This is the mail archive of the
gcc-patches@gcc.gnu.org
mailing list for the GCC project.
Re: x86: CPU type requirements incorrect for various vectormode operations
- From: "Jan Beulich" <JBeulich at novell dot com>
- To: <rth at redhat dot com>
- Cc: <gcc-patches at gcc dot gnu dot org>
- Date: Mon, 12 Jul 2004 10:30:32 +0200
- Subject: Re: x86: CPU type requirements incorrect for various vectormode operations
>> (movv2sf_internal): Allow beginning with MMX.
>> (movv2df_internal, movv8hi_internal, movv16qi_internal): Allow
>> beginning with SSE and use SSE instruction when SSE2
unavailable.
>> (movv2df, movv8hi, movv16qi, pushv2di, pushv8hi, pushv16qi,
pushv4si):
>> Allow beginning with SSE.
>> (movv2sf, pushv2sf): Allow beginning with MMX.
>
>What's the logic here?
As said in the other, 3DNow!-related email, the move and push patterns
must be available as soon as the types covered by them, when being
passed as arguments or return values, are being passed through the
respective registers.
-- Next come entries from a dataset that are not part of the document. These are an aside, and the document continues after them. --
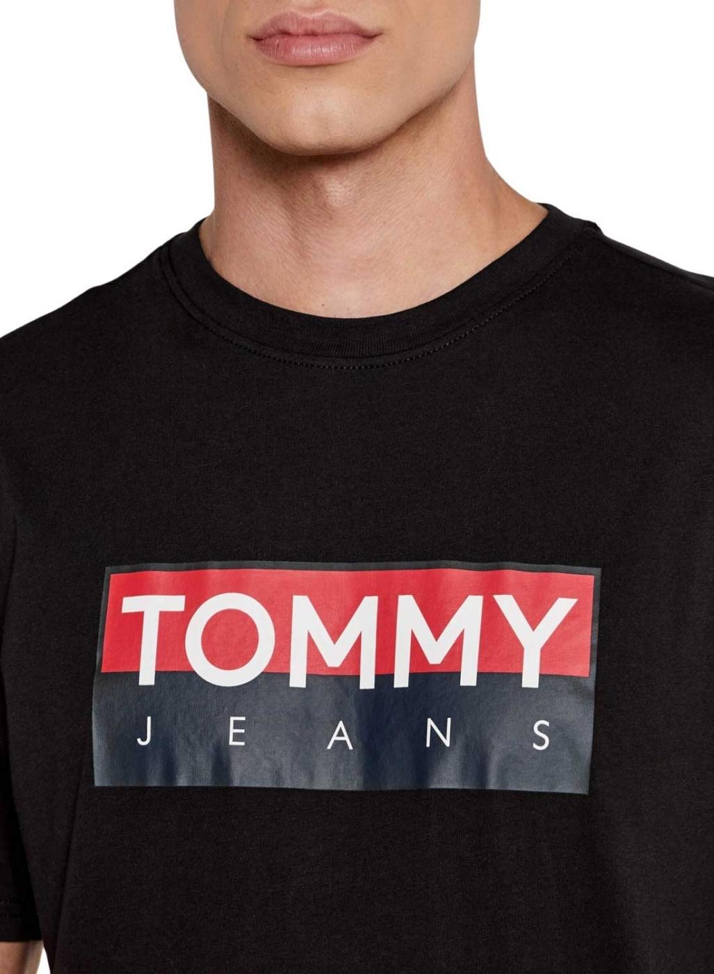 Camiseta Tommy Jeans. Modelo Entry. Cor preto. Gola redonda. Manga curta. Ajuste regular. Logo estampado no peito em vermelho e branco.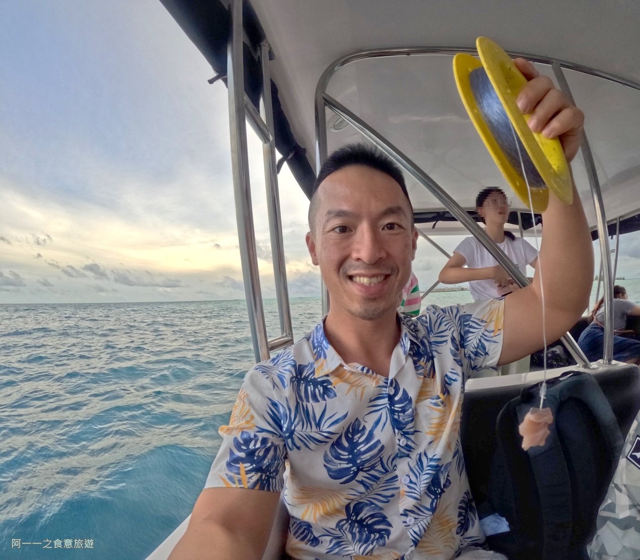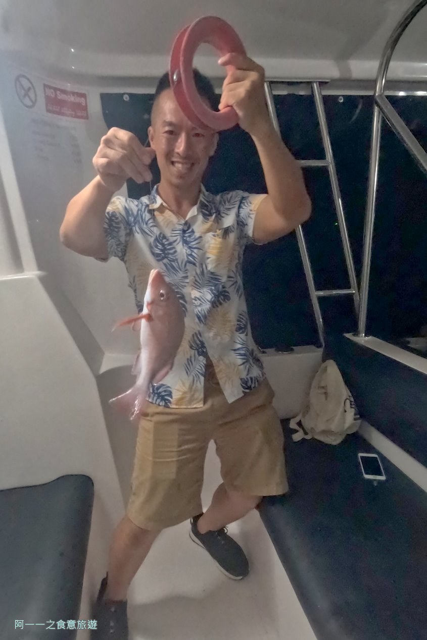 隨著天色漸漸變暗,船長又載我們開往另一個魚場,這個地方海底魚群非常多,大家都一個個開心釣到魚,戰利品越來越豐富,我雖然也有釣到魚的感覺,魚去拉扯釣魚線的力量真的相當大,不過兩次拉上來都只剩下空空的釣魚線,魚鉤和魚餌就被魚帶走了,感謝朋友很給力,讓我也能跟魚魚開心合照。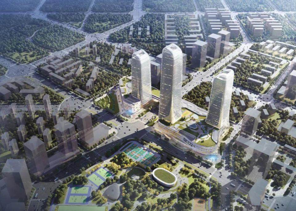 高铁片区超高层地标建筑项目规模宏大,横跨55号和57号地块,由一主两副共3塔及裙楼构成超高层建筑集群。其中,57号地块规划用地59.1亩,涵盖办公、商业、裙楼与地下车库,总建筑面积达43.82万平方米,规划建设258米主塔楼和200米副塔楼及裙房。项目将建设集高端商圈、会议展览、商务办公、休闲住宿等多功能于一体的地标建筑。建成后,将成为石家庄的最高建筑,重塑城市天际线,也将成为吸引全国优质资源、推动产业升级的重要平台,极大提升石家庄的城市形象与影响力,彰显城市现代化发展新风貌。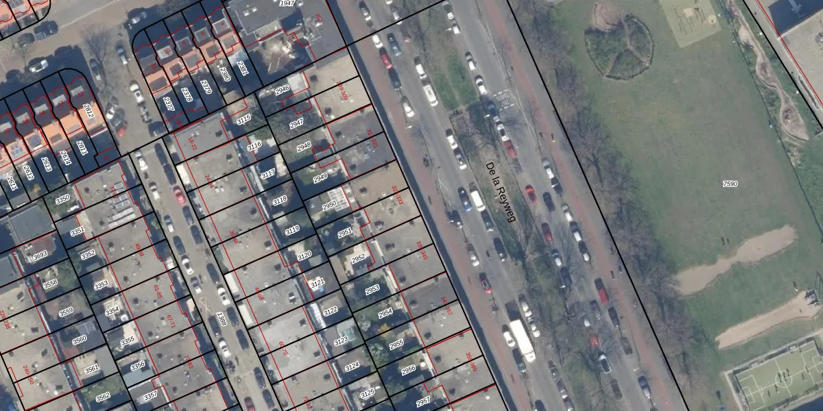 Het perceel waarop het adres ligt is GVH28-AL-2951. De afkorting 'GVH28' staat voor kadastrale gemeente 's-Gravenhage. De gemiddelde perceelgrootte in 's-Gravenhage is 722,74 m². Dit perceel is kleiner: de perceeloppervlakte bedraagt 186 m². Het grootste perceel in de kadastrale gemeente is 89,9 ha. Het kleinste perceel heeft een oppervlakte van 0 m². Er zijn 3 adressen aanwezig op het perceel. De laatste wijziging in het de Basisregistratie Kadaster (BRK) was op 12-12-2007.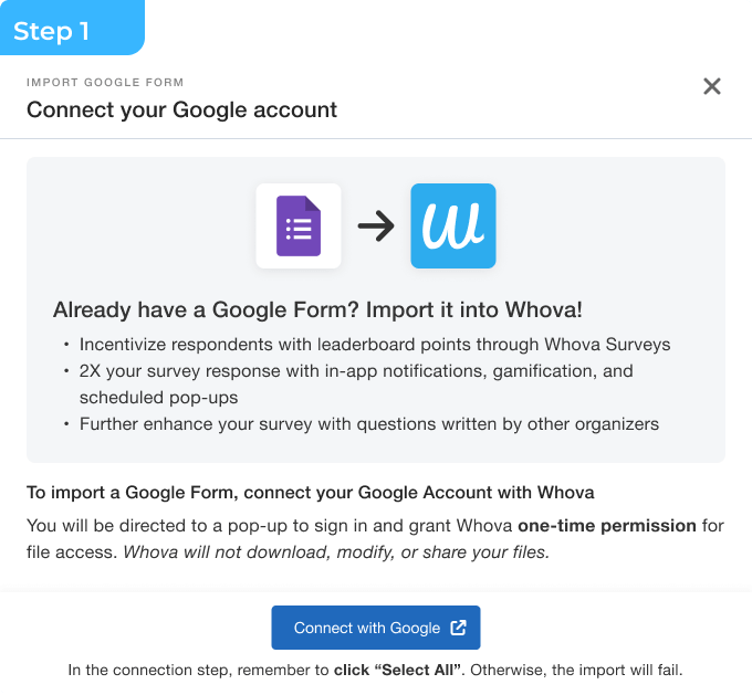 When creating a new survey, choose the option to import from Google Forms. You will be prompted to sign-in to your Google account in order to link it with Whova. But don’t worry! Whova will not download, modify, or share any of your files.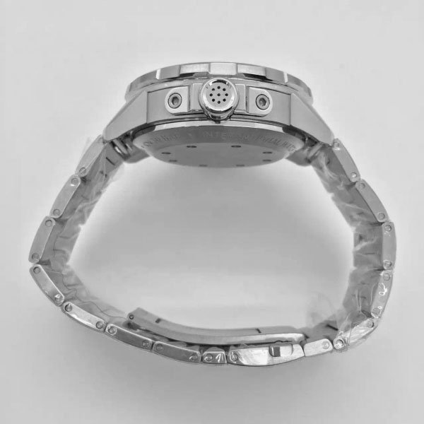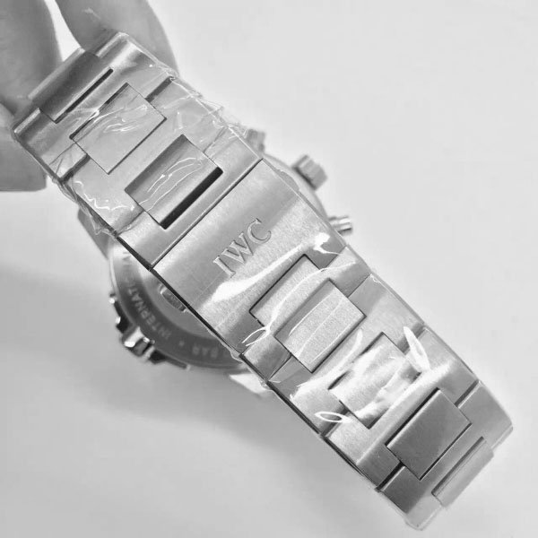 Стальной браслет из сатинированной стали 316L, с двойной раскладывающейся застежкой IWC и системой быстрого укорачивания браслета. Либо черный каучуковый ремешок IWC Aquatimer |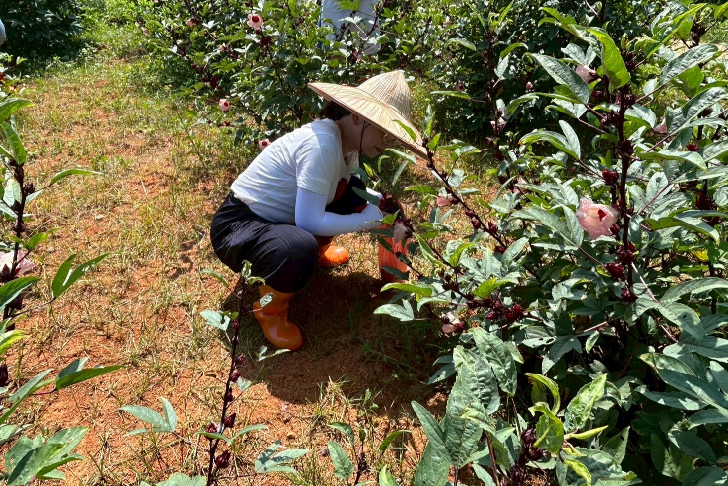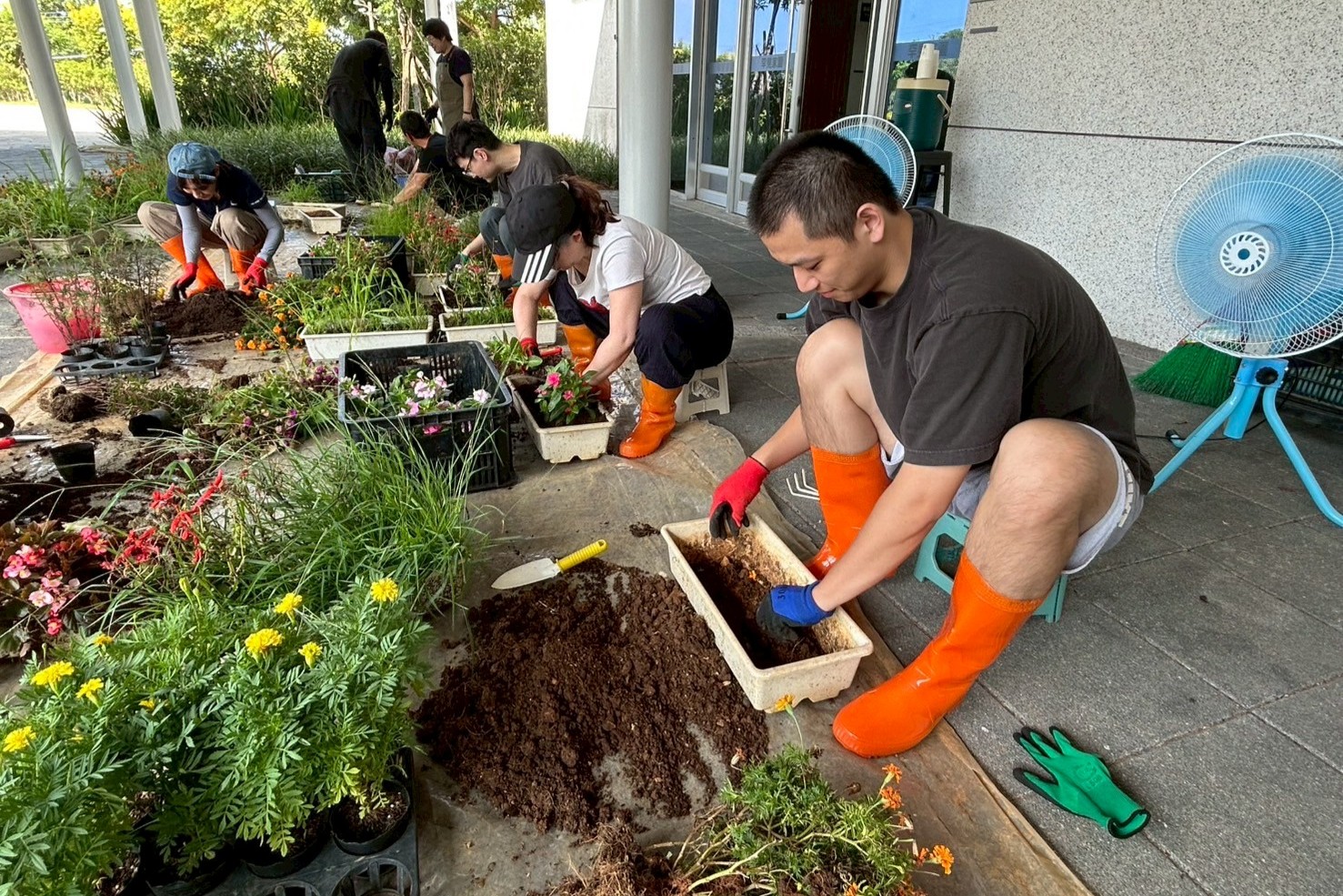 至於9/17(三)15位聯電志工來到家園,大家不畏天氣的炎熱,一起將車道兩側的花盆翻新並栽種新的花卉,大家一邊閒話家常一邊忙碌手邊的花盆,時不時伴隨著看見蚯蚓及蟲子的尖叫聲,讓整個氛圍變得更輕鬆有趣。當將所有的花卉都種植完後,大家更戴上了斗笠、穿上了雨鞋,一起到農地裡採摘家園剛成熟的洛神花,採摘完大家也帶了一部分回家泡茶,當成愛心志工的小小福利。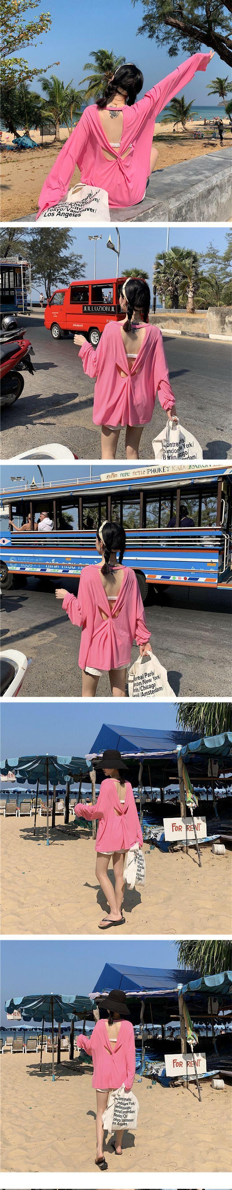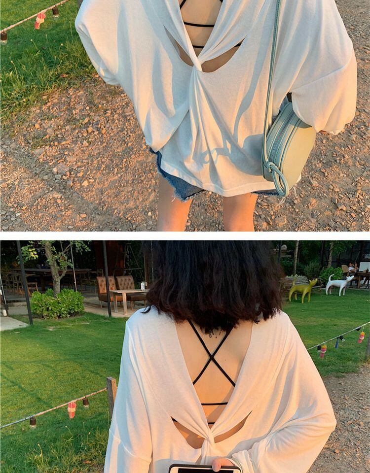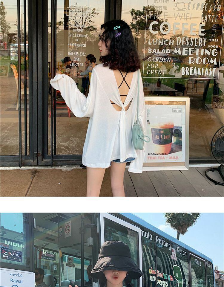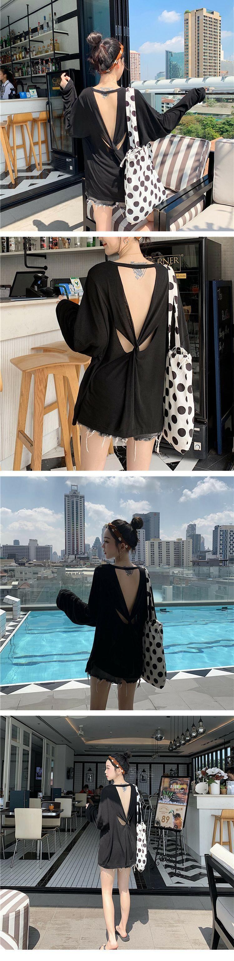 Tシャツ スプリングスタイルクロスバックホルタールーズ薄手トップス ロング 春物 萌量不足91938303181

Otherwise you can't store the arguments to memory
in order to emulate the vector operation by operating on more narrow
vector types or even on scalar ones. But (I'm going to write a more
exhaustive description for this soon) the parameter passing model for
MMX (to a certain degree also for SSE) seems very broken to me right
now.
>> +/* Extracts one of the four words of A. The selector N must be
immediate.*/
>> +#if 0
>> +static __inline int
>> +_mm_extract_pi16 (__m64 __A, int __N)
>> +{
>> + return __builtin_ia32_pextrw ((__v4hi)__A, __N);
>> +}
>> +
>> +static __inline int
>> +_m_pextrw (__m64 __A, int __N)
>> +{
>> + return _mm_extract_pi16 (__A, __N);
>> +}
>> +#else
>> +#define _mm_extract_pi16(A, N) \
>> + __builtin_ia32_pextrw ((__v4hi)(A), (N))
>> +#define _m_pextrw(A, N) _mm_extract_pi16((A), (N))
>> +#endif
>
>These should be written
>
>static __inline int __attribute__((__always_inline__))
>_mm_extract_pi16 (__m64 const __A, int const __N)
>{
> return __builtin_ia32_pextrw ((__v4hi)__A, __N);
>}
>
>That should propagate the constant to the builtin even at -O0.
This now indeed would seem to be an unrelated change. The code here was
simply moved from xmmintrin.h
Jan